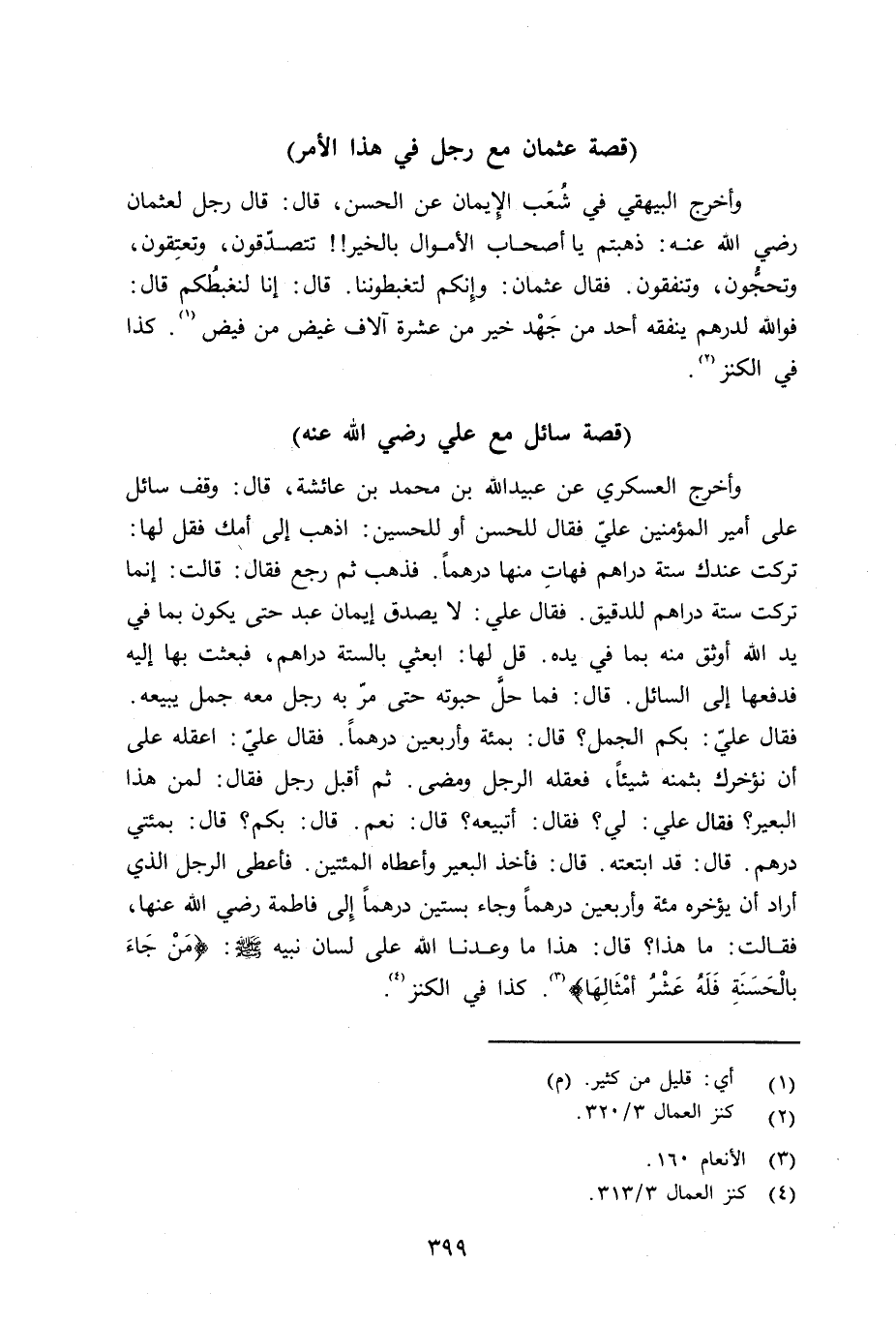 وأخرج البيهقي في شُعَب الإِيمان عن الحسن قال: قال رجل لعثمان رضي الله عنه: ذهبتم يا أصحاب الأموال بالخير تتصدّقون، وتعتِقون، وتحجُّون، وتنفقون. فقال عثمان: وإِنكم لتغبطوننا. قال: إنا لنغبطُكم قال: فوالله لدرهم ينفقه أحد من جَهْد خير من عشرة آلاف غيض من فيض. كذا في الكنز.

==

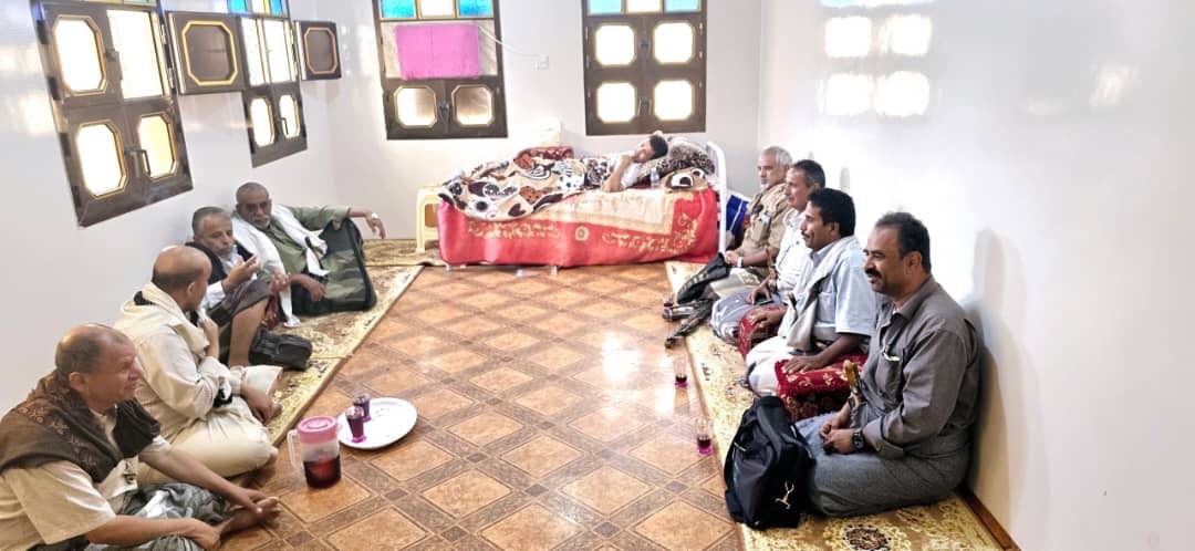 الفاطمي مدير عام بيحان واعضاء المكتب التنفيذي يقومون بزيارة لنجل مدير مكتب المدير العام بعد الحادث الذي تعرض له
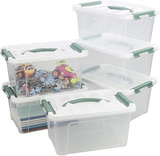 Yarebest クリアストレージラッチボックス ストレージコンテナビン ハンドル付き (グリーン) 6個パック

Aim of the task: Copy back exactly the lines above from the one containing "الفاطمي مدير عام" through the one containing "Yarebest クリアストレージラッチボックス ストレージコンテナビン", and leave every picture behind.

Answer to this problem:
 الفاطمي مدير عام بيحان واعضاء المكتب التنفيذي يقومون بزيارة لنجل مدير مكتب المدير العام بعد الحادث الذي تعرض له
 Yarebest クリアストレージラッチボックス ストレージコンテナビン ハンドル付き (グリーン) 6個パック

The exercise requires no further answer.